*** Provided data

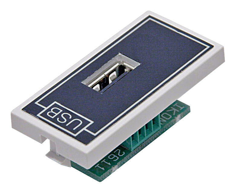 Front panel USB type A socket with internal screw terminations. Depth required: 15mm.
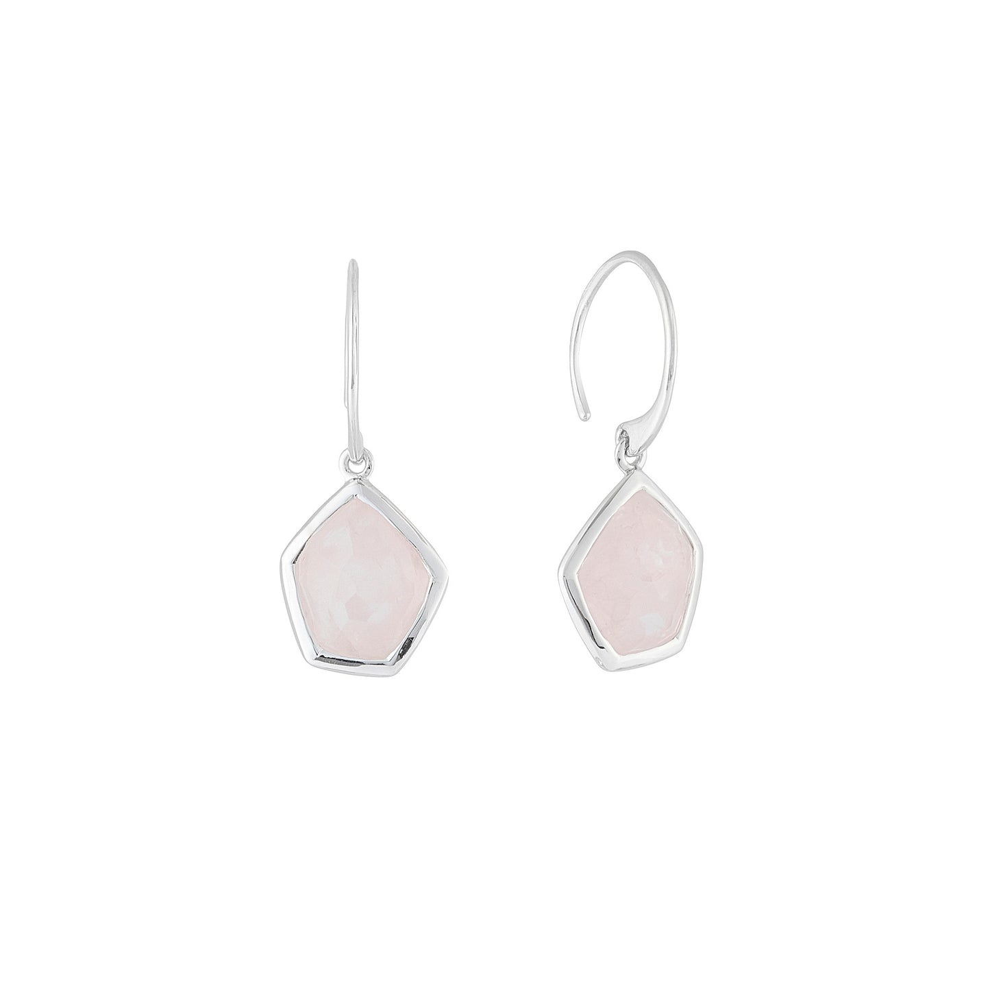 Rose Quartz Faceted Briolette Hook Earrings Sterling Silver
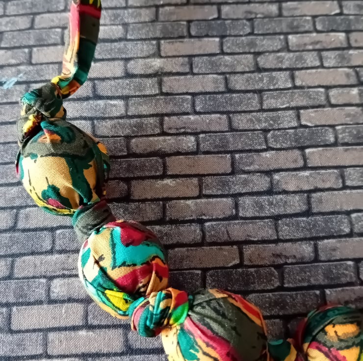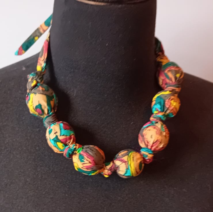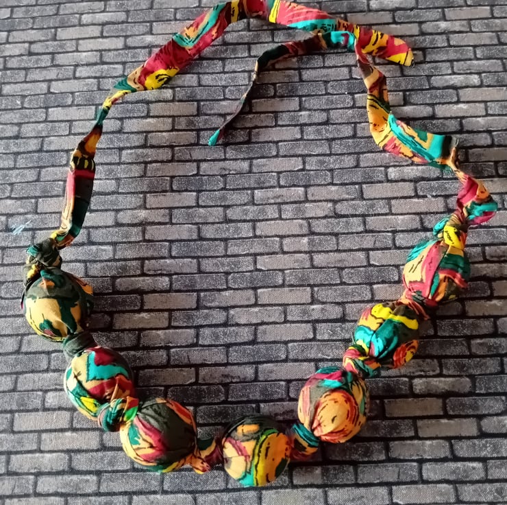 We have lots of vintage headscarfs and sari fabrics all vibrant and intersting colours. And love repurposing charity shop finds, bead necklaces being one of our favourites. Combining the two produces these amazing necklaces.
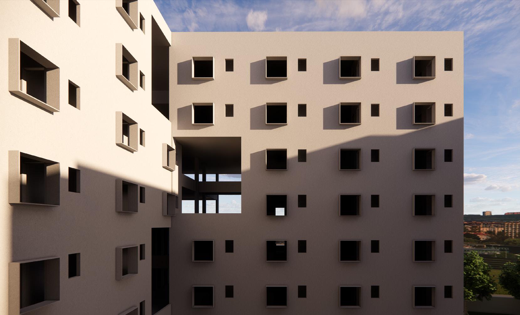 Voids in elevation also act as interactive spaces as well as break the weight of the building
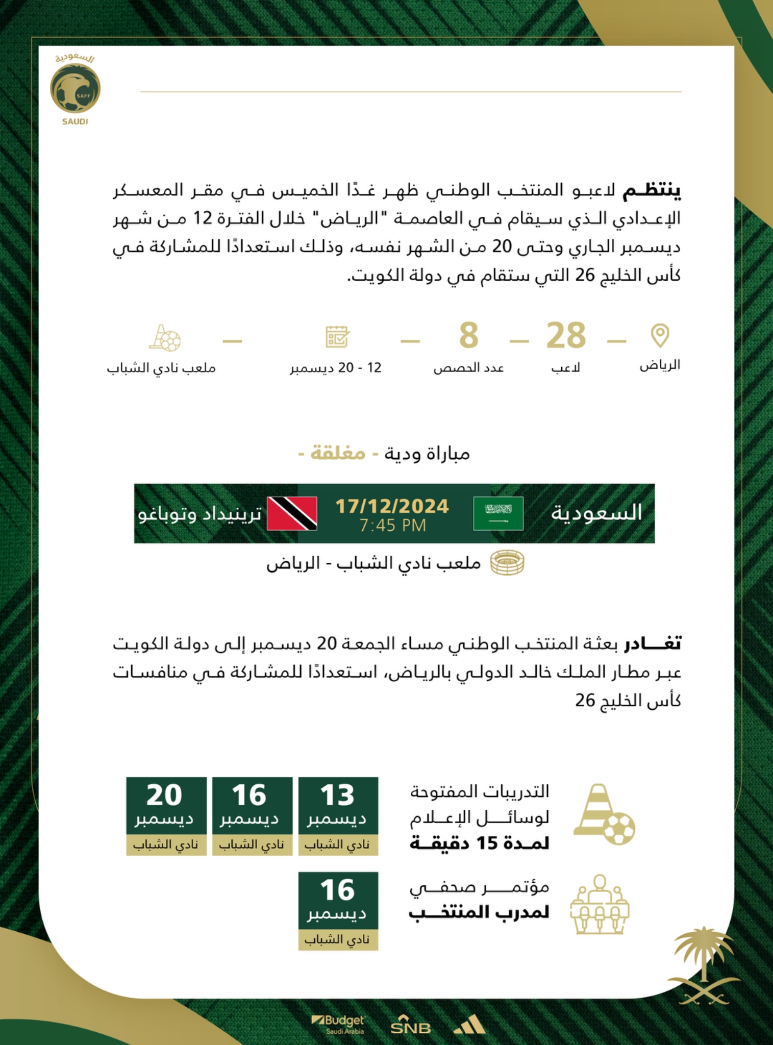 وسيخوض "الأخضر" خلال معسكره في الرياض مواجهة ودية أمام منتخب ترينداد وتوباجو يوم الثلاثاء المقبل على ملعب نادي الشباب. وتقرر أن تكون المباراة مغلقة، حسب بيان رسمي من المنتخب السعودي.
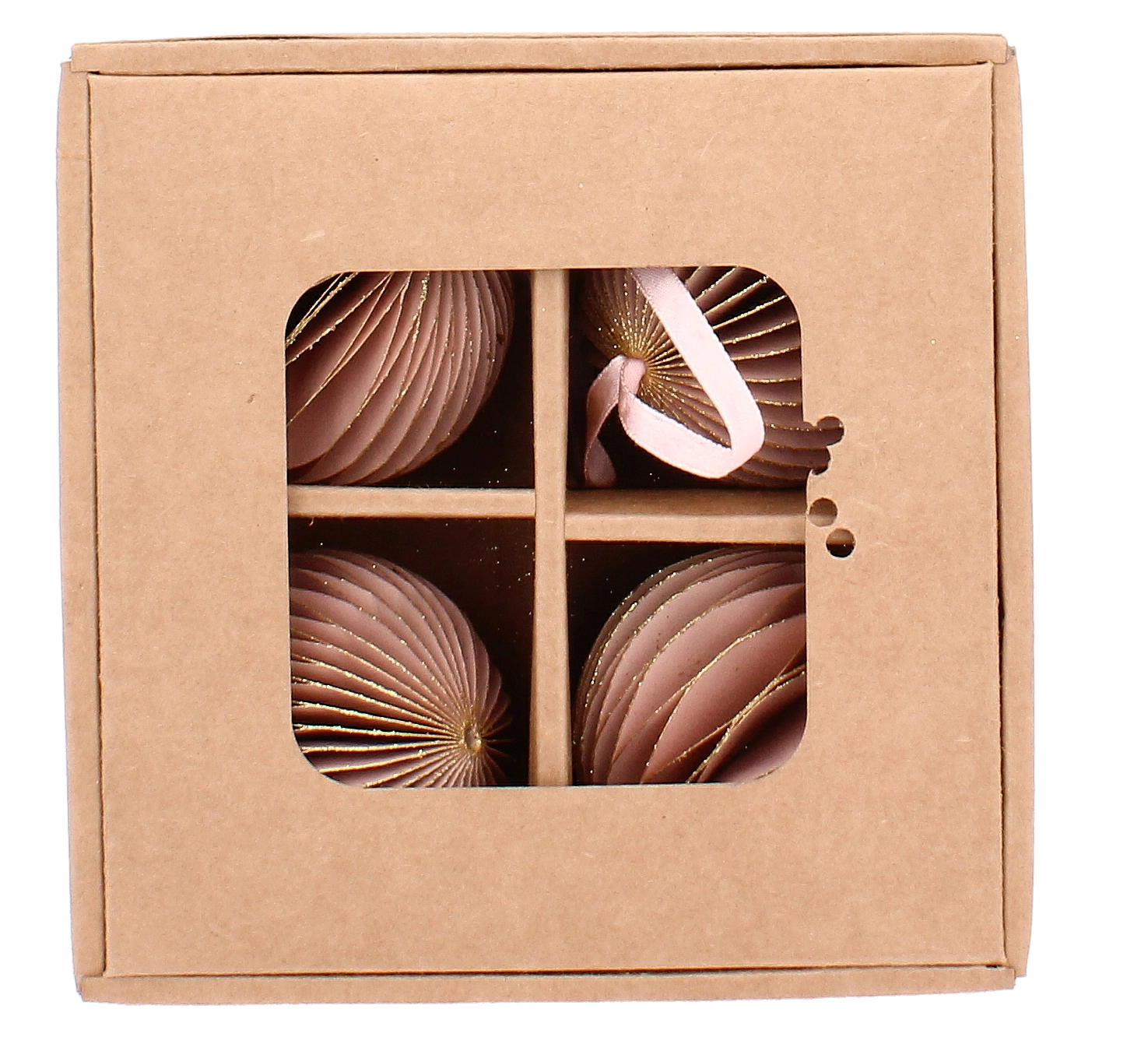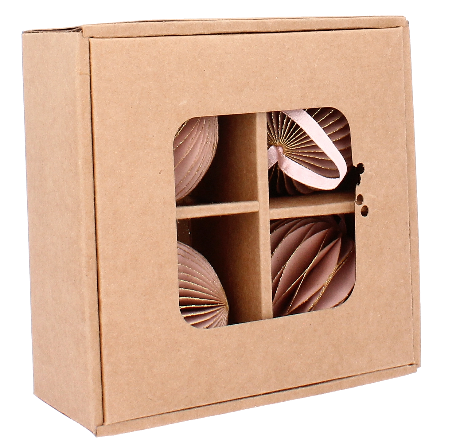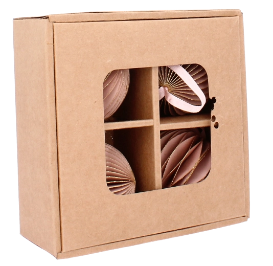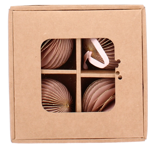 Stílusos, négy darabos rózsaszín papír karácsonyi dísz készlet 7 cm átmérővel, amely finom és elegáns hangulatot kölcsönöz a fának és a dekorációknak. Minden dísz könnyű, gyermek- és kisállatbarát, és a felakasztáshoz mellékelt zsinórnak köszönhetően könnyen elhelyezhető a fán, girlandon vagy koszorún. Az összehajtható kialakítás egyszerű tárolást és hosszan tartó használatot biztosít az ünnepek után is.
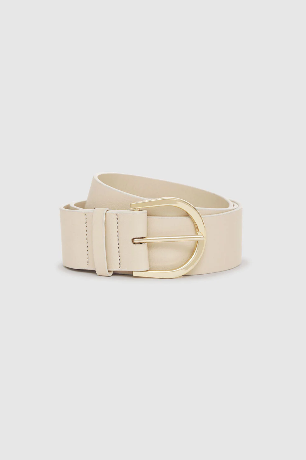 A thick statement belt made from smooth 100% cow leather in beige featuring a curved buckle in gold-tone hardware. Its intentionally long belt strap hangs at the wearer's side for a dramatic look.

******

Aim of the exercise: Above are the records. Copy only the lines from the one with "Rose Quartz Faceted" through the one with "We have lots", exactly, with no pictures.

Reply to the exercise:
 Rose Quartz Faceted Briolette Hook Earrings Sterling Silver
 We have lots of vintage headscarfs and sari fabrics all vibrant and intersting colours. And love repurposing charity shop finds, bead necklaces being one of our favourites. Combining the two produces these amazing necklaces.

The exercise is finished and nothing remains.